Convegno di Magistratura Democratica a Reggio Calabria. All’esterno un uomo spara dei colpi per terrorizzare, ma spara in aria. Fatta la dovuta ricostruzione, risulta che l’uomo si chiama Fausto Bortolotti, 61 anni, è nato a Cene, in provincia di Bergamo, ed è residente a Ventimiglia. Ha precedenti per reati contro il patrimonio e l’ambiente. E’ giunto davanti al teatro su corso Garibaldi, la strada principale di Reggio, a bordo di una vecchia auto Suzuki di colore rosso, e rimanendo sulla vettura ha sparato i due colpi di pistola in aria, subito bloccato dagli uomini della scorta del ministro Orlando. L’autovettura, ispezionata a fondo dagli specialisti del Gabinetto regionale di polizia scientifica, emanava un fortissimo odore di vino.



Gli investigatori che hanno interrogato Bortolotti in caserma sospettano che, almeno negli ultimi giorni, possa avere vissuto nella sua auto, la Suzuki a bordo della quale è stato fermato e che tra l’altro è priva del lunotto. All’interno della vettura gli agenti della polizia scientifica hanno trovato un po’ di tutto: oltre a bottiglie vuote, carte ed uno zaino, sono stati trovati rifiuti di vario tipo e anche un numero considerevole di caramelle e profilattici. Sembra che l’uomo, quando è stato fermato, fosse in stato di ebbrezza.



Storia banale? Può essere. Ma noi abbiamo il dovere di capire questi segnali di rabbia e di desiderio di attaccare tutti.  

L’uomo aveva per nemico Magistratura Democratica? Oppure ha una questione aperta con i magistrati in generale? Se vive in macchina forse è stato allontanato dalla famiglia. Comunque si tratta di un conflitto con le istituzioni, il sentirsi solo contro tutti. Insomma un segnale di una inquietudine che caratterizza la solitudine.  

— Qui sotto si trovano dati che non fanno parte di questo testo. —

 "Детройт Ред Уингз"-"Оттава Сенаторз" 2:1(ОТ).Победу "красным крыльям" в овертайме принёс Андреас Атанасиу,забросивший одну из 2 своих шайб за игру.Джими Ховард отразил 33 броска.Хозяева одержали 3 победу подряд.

Da questo fatto possiamo senz’altro ricavare una lezione. Papa Francesco ci ha detto che viviamo un tempo in cui le persone diventano scarto, chi è in difficoltà subisce lo stigma del malato di mente o del fuorilegge e questo stigma serve solo per non occuparsi di lui. Ma la persona è irriducibile, unica e prima o poi si ripresenta alla società in qualche modo. A volte con gesti di una gravità terribile, come il suicidio del pilota Lufthansa, oppure con gesti eclatanti, come l’uccisore del carabiniere davanti al parlamento a Roma. 



Il nostro Bortolotti viveva nel degrado più totale, un’auto senza il finestrino, nella quale si sentiva un tremendo odore di vino. Perché è sceso fino a Reggio Calabria? Dove ha trovato i soldi per la pistola? Sono tutte cose incomprensibili. Ma a noi interessa sentire il grido delle forme moderne dell’emarginazione e per non essere a nostra volta produttori dello scarto dobbiamo essere capaci di incontrare il disagio.   

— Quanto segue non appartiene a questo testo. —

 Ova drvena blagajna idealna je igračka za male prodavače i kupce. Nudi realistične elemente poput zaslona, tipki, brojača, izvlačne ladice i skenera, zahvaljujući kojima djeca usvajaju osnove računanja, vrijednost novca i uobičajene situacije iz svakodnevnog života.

Andare alle periferie dell’esistenza non vuol dire andare in Brasile o in Uganda, può essere anche una persona benestante, ma la solitudine impoverisce ed emargina. Ci vogliono attenzione e disponibilità ad ascoltare il disagio della persona, a guardare l’altro come presenza amorosa, che chiede solo di capire e che non giudica se non come momento alto della reciproca comprensione.   

Papa Francesco ha accolto i senzatetto di Roma invitandoli a vedere la Cappella Sistina, li ha incontrati, e ha mostrato il valore della sua frase “chi sono io per giudicare?”. Se c’è una persona che ha la più profonda capacità di ascoltare e perdonare è il Papa, ma anche lui deve lasciare a Dio il giudicare. Questa è la Grazia del cristianesimo: ci mette davanti agli altri con un’apertura amorosa che è impossibile all’uomo contemporaneo.